Yilda’s healing isn’t only of the body. She has her rituals:
A bowl of water by the door. Each visitor must breathe into it before entering, leaving their burdens in the surface’s shiver.
Knots of Tidelace cord, woven as she listens. Each knot binds a fragment of pain. When she’s done, she casts the cord into the river.
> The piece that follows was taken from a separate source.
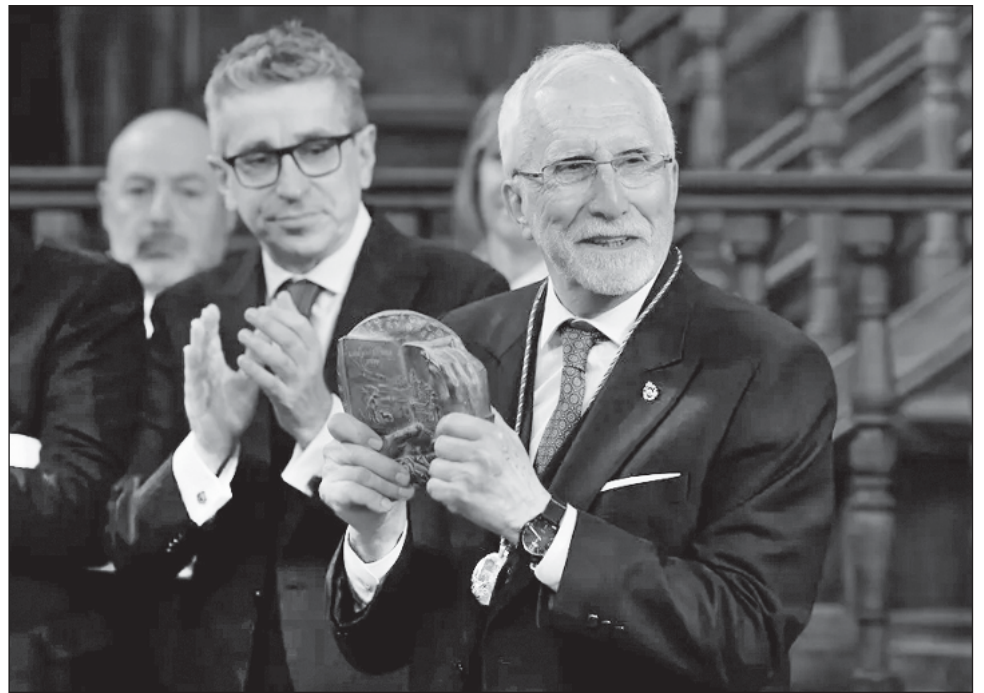
▲ El novelista y cuentista Luis Mateo Díez recibió en el paraninfo de la Universidad de Alcalá de Henares, el Premio Cervantes, consagrándose como un clásico vivo de la literatura en español.

Como es habitual en los discursos de recepción del Premio Cervantes, el galardonado hizo alusión a Don Quijote de La Mancha: El libro que escuché con mayor deleite y aprovechamiento

Three lamps lit: one for the wound, one for the story, one for the unseen.Simple acts. Profound ones. They remind people that healing is as much spirit as flesh, that bodies remember what minds try to forget.

The Mystery of Yilda

To the people of Drakkensund, Yilda is both familiar and unknowable. She binds wounds, feeds the hungry, and listens more than she speaks. But she also walks into the mist without fear, knows the names of herbs no one else remembers, and carries the storm and river in her grey eyes.
Some call her a healer. Some call her a witch. Most simply call her necessary.
When the snow falls heavily and the wolves draw close, when fever or injury strikes, they come to her door. They breathe into her bowl. They watch her weave their pain into knots. They leave with remedies that smell of earth and survival.
They don’t ask questions she won’t answer.
Yilda endures. Drakkensund endures with her.